**Data provided:**

..........

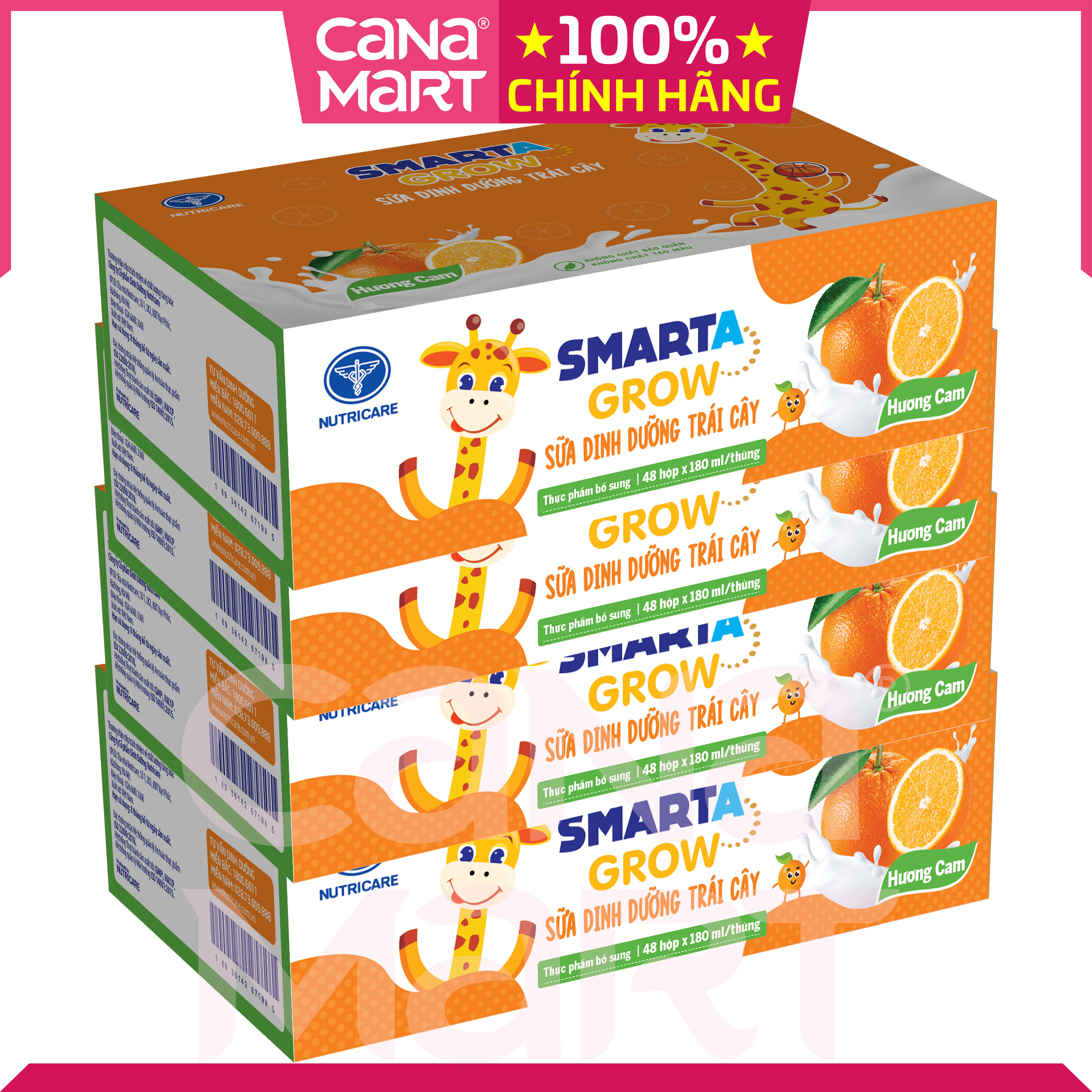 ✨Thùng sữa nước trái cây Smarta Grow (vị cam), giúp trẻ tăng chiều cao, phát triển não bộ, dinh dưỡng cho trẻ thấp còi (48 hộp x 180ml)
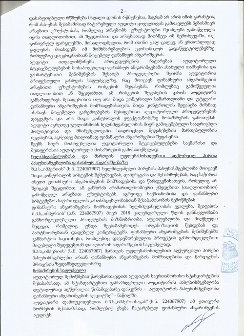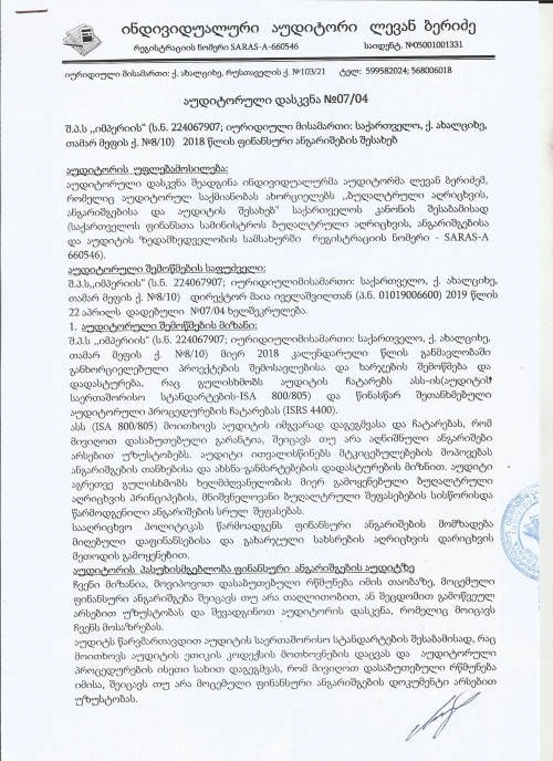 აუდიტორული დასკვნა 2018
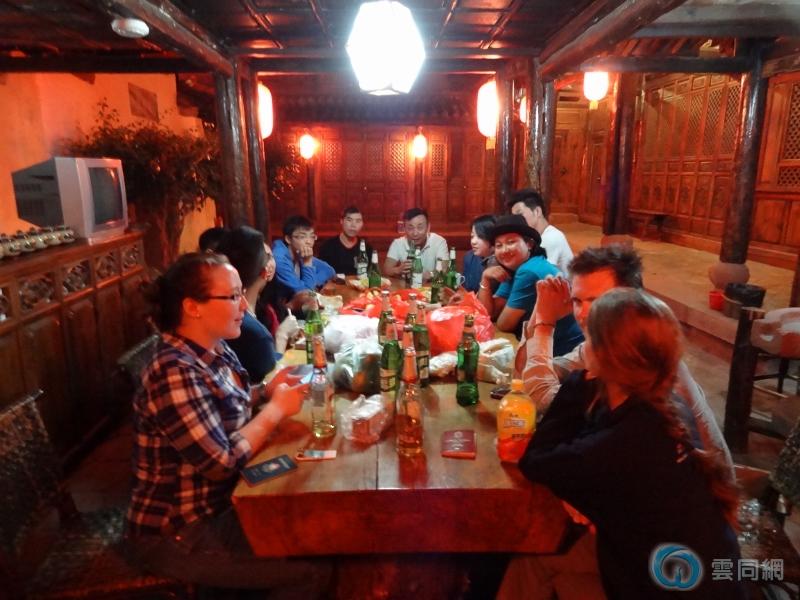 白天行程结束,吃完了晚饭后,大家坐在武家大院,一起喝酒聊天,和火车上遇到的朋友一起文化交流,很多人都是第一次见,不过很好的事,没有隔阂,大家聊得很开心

..........

The material is to be written out word for word, and the pictures are to be left out.

 ✨Thùng sữa nước trái cây Smarta Grow (vị cam), giúp trẻ tăng chiều cao, phát triển não bộ, dinh dưỡng cho trẻ thấp còi (48 hộp x 180ml)
 აუდიტორული დასკვნა 2018
 白天行程结束,吃完了晚饭后,大家坐在武家大院,一起喝酒聊天,和火车上遇到的朋友一起文化交流,很多人都是第一次见,不过很好的事,没有隔阂,大家聊得很开心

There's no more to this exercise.